In the entries below, find the line containing "With a finish, the" and the line containing "1.- En todos". Copy those two lines and everything between them exactly, and only that.

» **Available data**
──────────

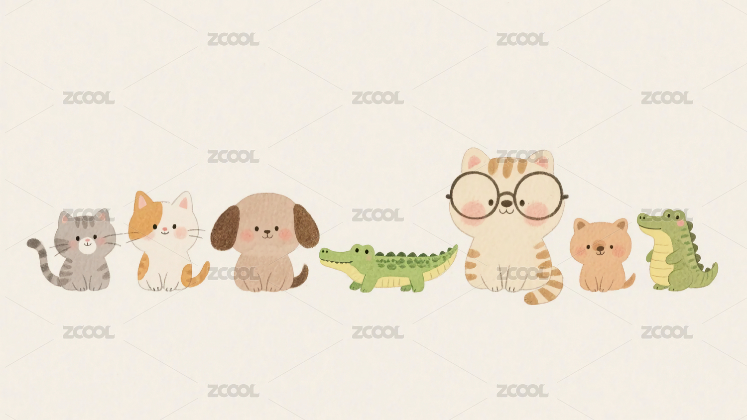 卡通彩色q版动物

──────────

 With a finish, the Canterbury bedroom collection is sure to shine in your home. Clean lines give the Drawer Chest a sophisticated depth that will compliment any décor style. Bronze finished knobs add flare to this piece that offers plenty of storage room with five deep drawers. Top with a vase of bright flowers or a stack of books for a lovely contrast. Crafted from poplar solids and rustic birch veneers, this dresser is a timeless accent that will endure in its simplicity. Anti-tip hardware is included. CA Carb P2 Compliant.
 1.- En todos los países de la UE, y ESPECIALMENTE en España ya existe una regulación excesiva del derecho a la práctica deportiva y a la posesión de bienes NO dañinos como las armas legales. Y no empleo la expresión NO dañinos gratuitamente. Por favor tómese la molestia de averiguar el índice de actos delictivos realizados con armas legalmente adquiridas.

──────────

» **Answer**
 With a finish, the Canterbury bedroom collection is sure to shine in your home. Clean lines give the Drawer Chest a sophisticated depth that will compliment any décor style. Bronze finished knobs add flare to this piece that offers plenty of storage room with five deep drawers. Top with a vase of bright flowers or a stack of books for a lovely contrast. Crafted from poplar solids and rustic birch veneers, this dresser is a timeless accent that will endure in its simplicity. Anti-tip hardware is included. CA Carb P2 Compliant.
 1.- En todos los países de la UE, y ESPECIALMENTE en España ya existe una regulación excesiva del derecho a la práctica deportiva y a la posesión de bienes NO dañinos como las armas legales. Y no empleo la expresión NO dañinos gratuitamente. Por favor tómese la molestia de averiguar el índice de actos delictivos realizados con armas legalmente adquiridas.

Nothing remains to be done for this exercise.